Other major obstacles  

Most women are not aware of other sources of capital including private equity financing because they don't package their firm to make it attractive to foreign sources of financing, says Nsimenta 

Private equity is an alternative form of private financing, away from public markets, in which funds and investors directly invest in companies or engage in buyouts of such companies. 

Nsimenta, however, says some women in the know are also scared of private equity financing because of the history of theft of property, they are not comfortable with a foreign firm.  

"Women do not like collaborating with men because some end up stealing their properties including land. Awareness of opportunities is also small or not available," she says. 

In addition, the women organisations that should be supporting women are not succeeding in their goal. "Instead of women working for women they are forming cocoons," she says. 

But like it's in the African saying "If you want to go fast, go alone. If you want to go far, go together," says Nsimenta 

She says there are numerous stumbling blocks for women-owned manufacturing businesses to get cheap capital. 

The solution 

Ndele says the lending modalities by banks need to be reviewed to enable women gain access to the sizable capital needed for the expansion of their business and also formalize. 

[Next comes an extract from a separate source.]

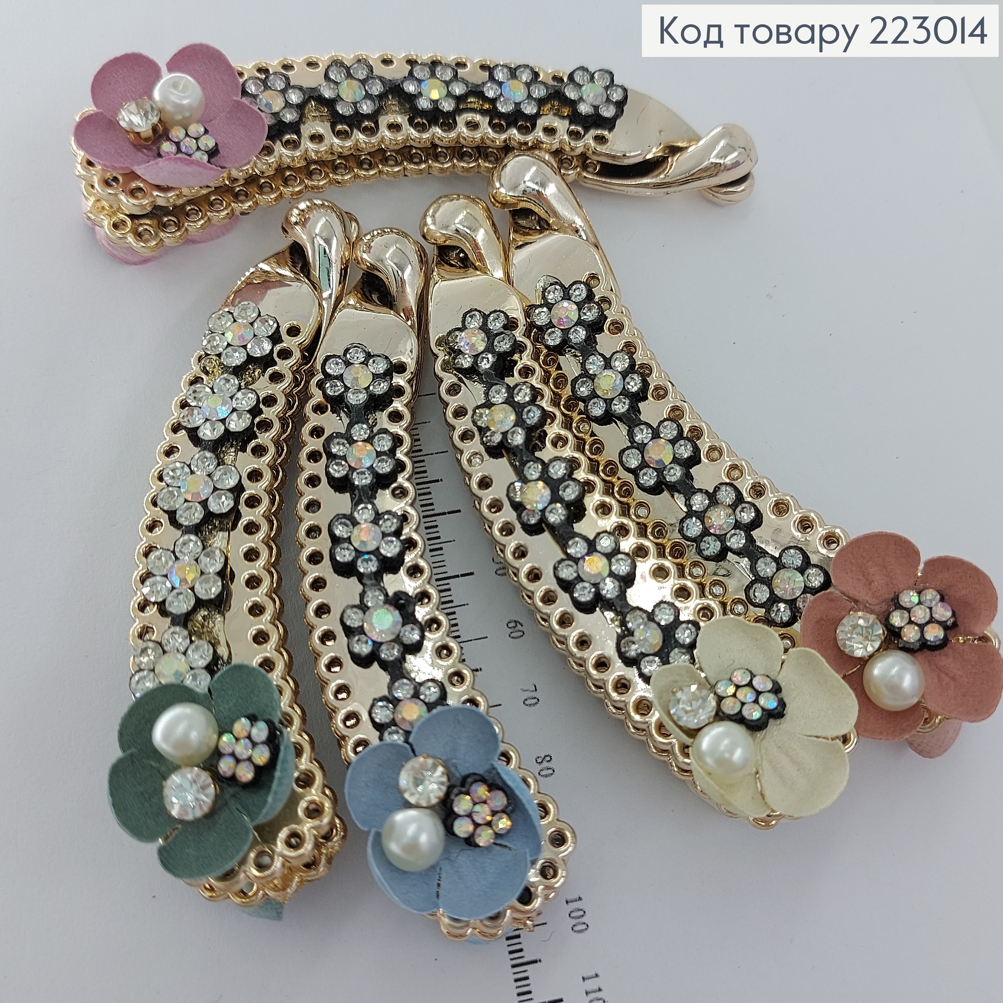 Заколка банан (акрил), украшенная стразами, 10см, перламутрово-голубого цвета. 223125 фото

Prof. Kwesiga on his part says in the absence of SME banks, women in manufacturing business can focus on forming financial outreaches including cooperatives. 

"Women have set up savings and credit cooperatives (SACCO). Some are really managed well and could be a source of capital," he says. 

Nsimenta says when it comes to access to cheap capital; "The information and finance is available. Personally, I do a lot of research, I go asking because I need to get the business to move." 

"The challenge that some women in the manufacturing sector face is that we go to the same people we believe will give us the much-needed capital. Spread-out, that way it's easier to get many affordable financial options to expand your business," says Nsimenta. 

She says to get to the top and access affordable capital, approach professionally those who have succeeded in the manufacturing sector and seek guidance.  

Importantly women need to be more aggressive to get the cheap capital they need to expand their business and formalise.